So, Stas, your contention is that Russia's entire economic deal is a sticky wage problem? Here's how I'm interpreting your description. Upon exposure to international competition, Russian industry was not competitive. Wages did not adjust downward and quality upward quickly enough to become competitive, so it went out of business. Capital went from industry to resource extraction because resource extraction was profitable, while wages continued to not adjust, leading to obscenely high unemployment, malnutrition, and the rest. (This does not take into account political and demographic complications.)Stas Bush wrote:Factor 1: Labour. China and Russia were not, in fact, similar. Let's put it as a theorem - with all other conditions being similar, the nation with cheaper labour will win against the nation with more expensive labour.
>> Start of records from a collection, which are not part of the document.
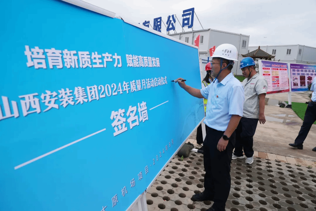 9月1日,山西建投安裝集團在太原武宿國際機場三期改擴建工程機電安裝項目部舉辦2024年“質(zhì)量月”活動啟動儀式。黨委副書記、副董事長、總經(jīng)理任銳出席并作動員講話。總工程師梁波,山西省建設(shè)監(jiān)理有限公司項目總監(jiān)代表王樹林,各基層單位相關(guān)負責(zé)人、項目部及勞務(wù)人員代表等110余人參加啟動儀式。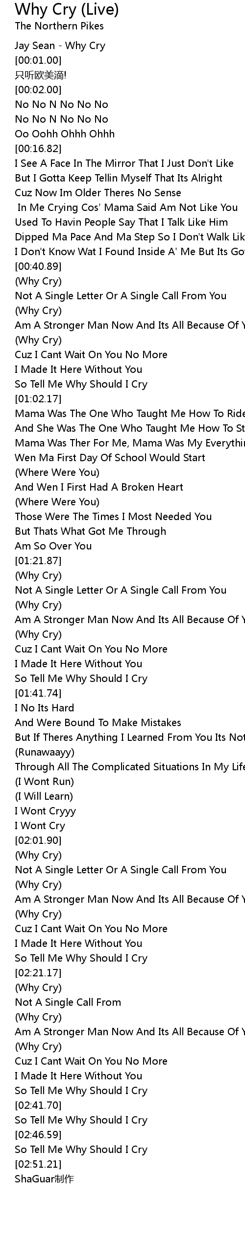 | [02:26.31] | (Why Cry) |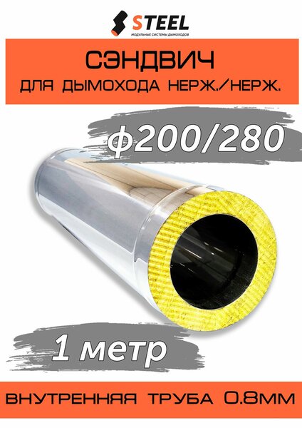 Сэндвич - это двухстенная труба, в которой между внутренней и наружной трубами находится теплоизолирующий материал. Сэндвич дымоход более пожаробезопасен, чем дымоход из голых труб. В дымоходах, состоящих из сэндвичей, меньшее образуется конденсата, по сравнению с одностенными дымоходами. Сэндвичи предназначены для банных и отопительных печей, котлов, работающих на твёрдом топливе, а также для печей, работающих на газе. Стыковка С другими производителями дымоходов НЕ гарантирована!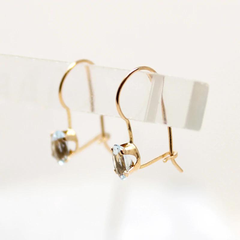 Details.....The earrings measure 15.2mm long. The aquamarines measure 4mm by 6mm. In Very Good Vintage Condition. You should always expect some wear on vintage and antique jewels; we consider it part of the charm.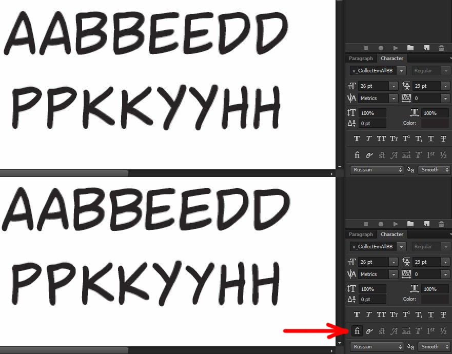 Я всех обманул, и вместо четвёртой части пусть будет весь пак целиком, так как в этом году больше ничего делать не планирую. Пересмотрена последняя папка, MISC, в которой собраны все оставшиеся шрифты, 88 штук, которые были мне нужны для совершенно разных целей - логотипов, вывесок, текстовых вставок и прочего. Плюс я наконец разобрался, почему не работали лигатуры в нескольких диалоговых шрифтах и вернулся довёл их до ума. Для простоты поиска все шрифты с лигатурами имеют расширение otf, их там немного. Если не понятно, что за лигатуры такие, то вот:

Chinese was objectively cheap - climate, uneducated rural population which was just urbanizing, extremely bad living conditions compared to Russia. Russian labour was in the late 1980s, is and will remain objectively expensive - climate is cold, and Russia was an industrialized, urbanized nation by the late 1980s. Ergo, the conditions are not similar.
Is that correct?
If so, the Chinese method could still work. Here's a proposal. Let wages fall until you're competitive with third world labor and then open your borders to investment the way China did. You still have infrastructure and political stability, so you're still better off that way; you're also helped by proximity to Europe and China, so you don't have to ship your cheap goods across a fucking desert and ocean to get to the markets that demand them the way Africa does. Then industrialize, on Western dime (big current account surplus, just like the US in the 1800s and China in the late 1900s, zenmayang?) and make sure your people survive with your resource export money.